Three Ukrainian military pilots, including one nicknamed “Juice” who campaigned in the US for the supply of F-16s, were killed on Friday when two combat training aircraft collided in an accident over a region west of Kyiv, Ukraine’s air force has said in an indication of the risks faced by its members.
Ukraine’s president, Volodymyr Zelenskiy, said in his nightly video address that the three men included Andriy Pilshchykov, “a Ukrainian officer, one of those who greatly helped our state”.
Investigators have begun to look into the causes of the accident, as the air force said there was no suggestion of Russian involvement. However, the incident underlines the risks to Ukrainian pilots who are often having to rely on old Soviet airframes that would not be in use were it not for the war.

Fluent in English, Pilshchykov was one of two pilots who went to Washington DC last summer to meet members of the US Cоngress and lobby for F-16 planes for Ukraine, and he appeared regularly in US media to further the country’s case.

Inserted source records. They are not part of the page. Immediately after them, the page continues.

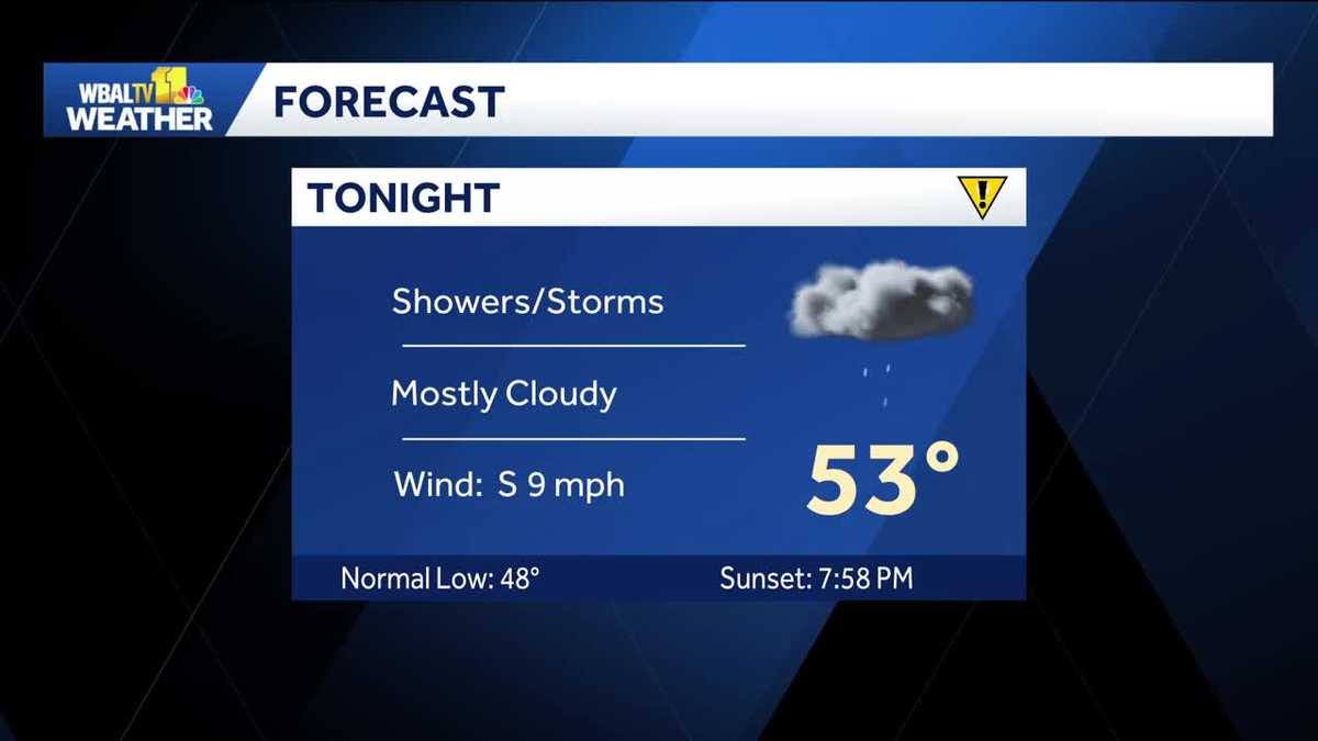 Heavy rain and thunderstorms will build in the Baltimore area later on Wednesday. There’s also an isolated risk for severe weather, but the chance is decreasing due to the cloud cover.
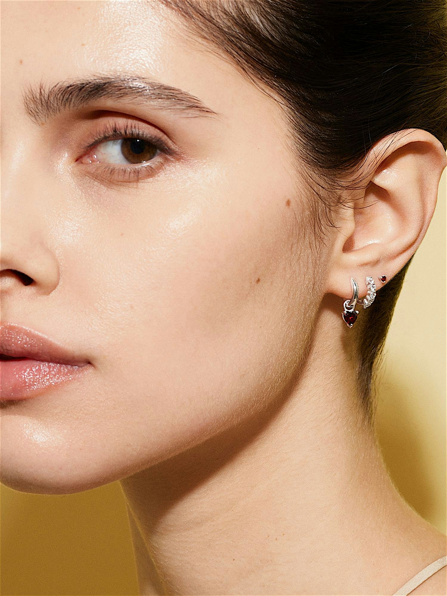Hoop earrings in genuine 925 sterling silver, decorated with red heart shaped Cubic Zirconia stones. The gold earrings are plated with genuine 18K gold and have a core of genuine 925 sterling silver. This product is made from 100% recycled silver.
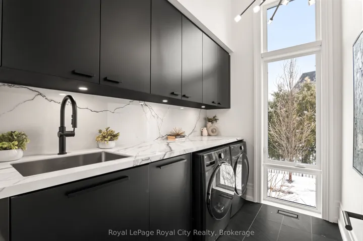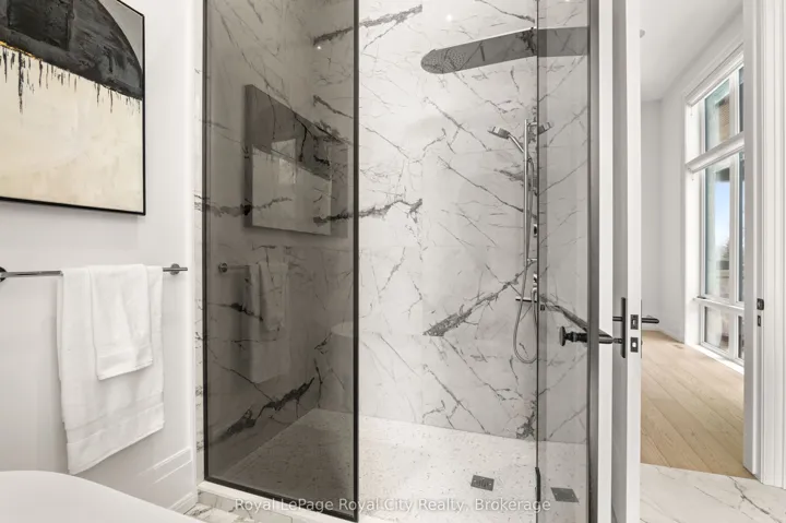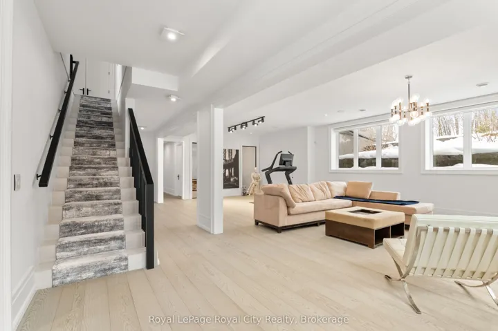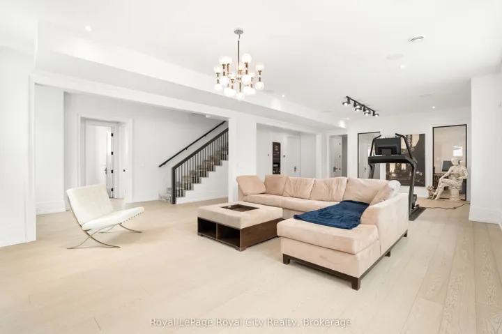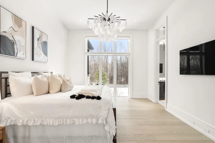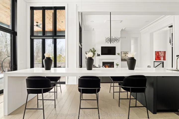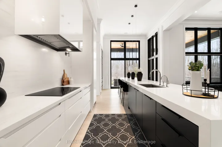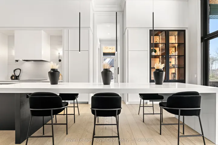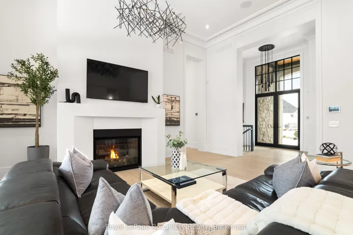 +"PublicRemarks": "Welcome to life inside Heritage Lake Estates - a private, gated enclave in Puslinch known for its mature surroundings and beautiful custom homes. Set on a premium half-acre pie-shaped lot backing onto mature treelines, this custom stone bungalow offers privacy without compromise. With 2,252 square feet on the main floor and soaring 14-foot ceilings, the principal living space is defined by symmetry, scale, and natural light. A custom fireplace anchors the living room, while upgraded crown moulding and floor-to-ceiling windows create a refined yet inviting atmosphere.The kitchen and dining area are gallery-inspired in design, centred around a striking 21-foot stone waterfall island with seating for eight. Integrated cabinetry conceals premium WOLF appliances for a seamless aesthetic. Heated floors, custom lighting, and electric blinds reflect the many thoughtful upgrades woven throughout the home. Step outside to a covered back patio complete with built-in heaters and an impressive 350 sq ft gas fire feature, overlooking the fenced yard and tranquil forest backdrop - ideal for elevated, year-round outdoor living.The primary suite is a private retreat, offering 12ft ceilings, floor to ceiling windows, a generous walk-in closet and spa-inspired five-piece ensuite with Jet Spa shower system. Across from this, the well-appointed laundry room and additional main-floor bedroom, featuring with its own ensuite bath and walk-in closet, complete the main level. The fully finished lower level adds two bedrooms, each accompanied by an ensuite bathroom, a spacious recreation room with custom fireplace, dedicated office space, and a home gym - perfectly suited for growing families or multi-generational living. A functional mudroom with built-in cabinetry offers direct access to the heated three-car garage and walk-down access to the basement. 153 Heritage Lake Drive invites you to embrace a quiet kind of luxury, framed by the serenity of Puslinch Lake."
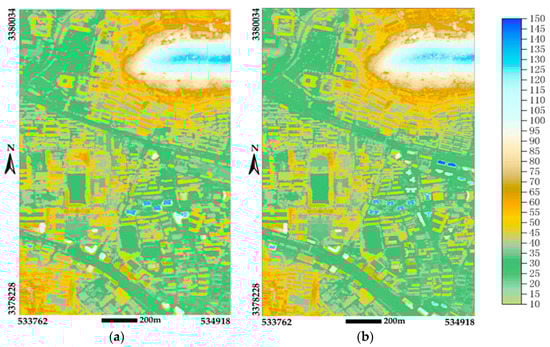 DSM interpolation result: (a) DSMold; and (b) DSMnew.
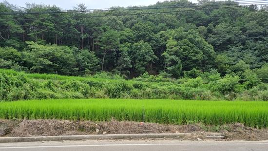 2차선도로를 50m를접하고있고 공기좋고 풍치좋은 위치에
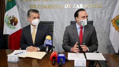 El alcalde de Saltillo, Manolo Jiménez Salinas, y el magistrado presidente del Tribunal Superior de Justicia, Miguel Felipe Mery Ayup,…

The extended lobbying effort finally succeeded earlier this month when Denmark and the Netherlands said they would supply the jets. A spokesperson for Ukraine’s air force said it was confident Ukraine would eventually end up with 120 F-16s, with the first likely to be flying over the country’s skies early next year.
However, the accident robbed Pilshchykov of the chance. “You can’t even imagine how much he wanted to fly an F-16,” the air force spokesperson Yuriy Ihnat wrote online. “But now that American planes are actually on the horizon, he will not fly them.”
Pilshchykov’s call sign, “Juice”, was given to him by US pilots during a joint training exercise because he would not drink alcohol. Inhat told the Guardian Pilshchykov also regularly flew combat missions, intercepting cruise missiles and drones, as well as seeking to introduce reforms to Ukraine’s air force.

Inhat said: “He was also trying to bring Nato standards into Ukraine … and even western traditions, such as the burning of pianos to honour a fallen pilot.” On Saturday night, an upright piano was set alight on what appeared to be a remote runway to mark the deaths of the three men.
The other dead pilots were named by the air force as Maj Vyacheslav Minka and Maj Sergey Prokazin. “We express our condolences to the families of the victims. This is a painful and irreparable loss for all of us,” the air force said.
Kyiv has received promises for a potential total of more than 60 F-16s from Denmark, the Netherlands and Norway, and Inhat said Ukraine “would need around 120 fighter jets to make a difference” on the battlefield. “We have no doubt we will get to that amount,” he said.
Until now, Ukraine’s small air force has been relying on ageing Soviet-era fighter jets such as the MiG-29, which Pilshchykov flew. Pilots have to fly metres from the ground to evade enemy radar, with Kyiv unable to afford significant losses as the war continues.
Pilot and crew training for the F-16 jets is under way, and Pilshchykov told CNN a couple of months ago that Ukrainian pilots were already trying to master the basics of F-16 flying in advance, using improvised flight simulators and whatever unclassified manuals they could find.